This file exists so AI coding assistants understand how Jac's agentic primitives work. When you see Jac code in this project, use this guide to understand and extend it correctly.


Language Basics

Jac is a Python-substrate language. Most Python libraries work via import. Statements end with ;. Blocks use { }.

import json;
import from urllib.request { urlopen }

def greet(name: str) -> str {
    return f"Hello, {name}!";
}

The 7 Agentic Primitives

1. Generate — by llm()

Delegate a function body to the LLM. The function signature (name + params + return type + docstring) becomes the prompt.

"""Answer any question with a thoughtful, concise response."""
def answer(question: str) -> str by llm();

Rules:

  • The docstring guides LLM behavior — write it like an instruction.
  • Return type must be str for free text.
  • No function body needed; by llm() replaces it.

2. Extract — by llm() with a typed return

Same as Generate, but returns a typed obj. The compiler enforces the schema.

enum Sentiment { POSITIVE, NEGATIVE, NEUTRAL }

obj Review {
    has sentiment: Sentiment;
    has score: int;           # 1-10
    has summary: str;
    has pros: list[str];
    has cons: list[str];
}

"""Analyze a product review and extract structured feedback."""
def analyze_review(review_text: str) -> Review by llm();

Rules:

  • Define schemas with obj. Fields use has field: type;.
  • Use enum for categorical fields — prevents invalid values.
  • list[str], list[int], nested obj types all work.
  • The LLM cannot return malformed data; the compiler rejects it.

3. Invoke — by llm(tools=[...])

Give the LLM callable functions. It runs a ReAct loop: reason → call tool → observe result → repeat until done.

def search_web(query: str) -> str { ... }       # regular function
def summarize(text: str) -> str by llm();        # LLM function used as tool

"""Research a topic using web search and summarization."""
def research(topic: str) -> str by llm(tools=[search_web, summarize]);
sem research = "Research a topic thoroughly before answering.";

Rules:

  • Tools are just normal Jac functions — the LLM calls them by name.
  • sem (semantic annotation) tells the LLM why to call each function.
  • Add sem to tools too: sem search_web = "Search the web for information.";
  • The LLM decides the call order and stops when it has enough information.

4. Pipe — |>

Chain functions so the output of one becomes the input of the next.

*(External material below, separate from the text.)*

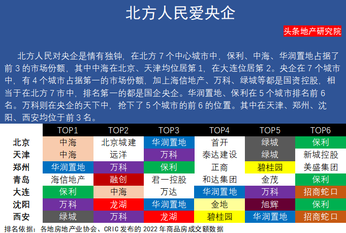 北方人民对央企是情有独钟,在北方7个中心城市中,保利、中海、华润置地占据了前3的市场份额,其中中海在北京、天津均位居第1,在大连位居第2。央企在7个城市中,有4个城市占据第一的市场份额,加上海信地产、万科、绿城等都是国资控股,相当于在北方7市中,排名第一的都是国企央企。华润置地、保利在5个城市排名前6名。万科则在央企的天下中,抢下了5个城市的前6的位置。其中在天津、郑州、沈阳、西安均位于前3名。

def draft(topic: str) -> str by llm();
def improve(draft: str) -> str by llm();
def shorten(text: str) -> str by llm();

with entry {
    result = "quantum computing" |> draft |> improve |> shorten;
}

Rules:

  • Each function's output type must match the next function's first parameter type.
  • Pure sequential — no branching, no parallelism.

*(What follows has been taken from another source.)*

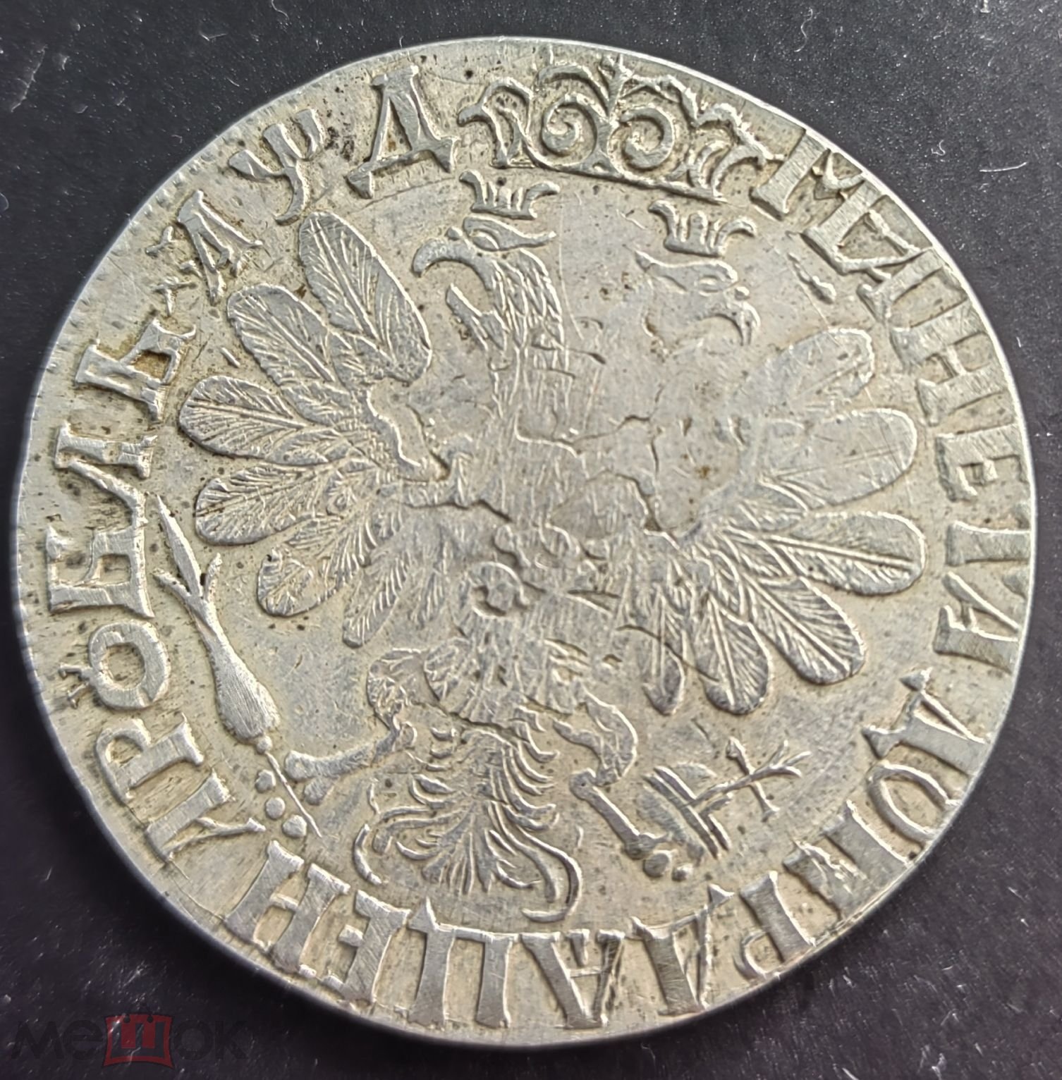 Монета является копией редкого серебряного рубля эпохи Петра I, отчеканенного в 1704 году. Оригиналы этого периода имеют высокую коллекционную ценность и встречаются крайне редко. В посте прямо указано, что это копия, что исключает её подлинность.

5. Route — visit [-->] by llm(...)

Walker visits one of N child nodes. The LLM reads each node's fields/description and picks the best match. No if/else chains — the graph IS the routing table.

node ExpertA {
    has description: str = "Expert in topic A";

    can respond with MyWalker entry {
        visitor.result = "Expert A answered: " + visitor.query;
    }
}

node ExpertB {
    has description: str = "Expert in topic B";

    can respond with MyWalker entry {
        visitor.result = "Expert B answered: " + visitor.query;
    }
}

walker MyWalker {
    has query: str;
    has result: str = "";

    can route with Root entry {
        visit [-->] by llm(incl_info={"User query": self.query});
    }
}

with entry {
    root ++> ExpertA();
    root ++> ExpertB();
    w = root spawn MyWalker(query="something about topic B");
    print(w.result);
}

Rules:

  • [-->] means "all child nodes of the current node."
  • incl_info={...} passes extra context to the LLM for its routing decision.
  • The LLM reads node field values (like description) to decide.
  • can <ability> with <NodeType> entry { ... } fires when the walker arrives at that node type.
  • visitor inside a node ability refers to the visiting walker.

6. Loop — Repeat until quality gate passes

Combine Generate + Extract to self-correct: generate → evaluate → improve → repeat.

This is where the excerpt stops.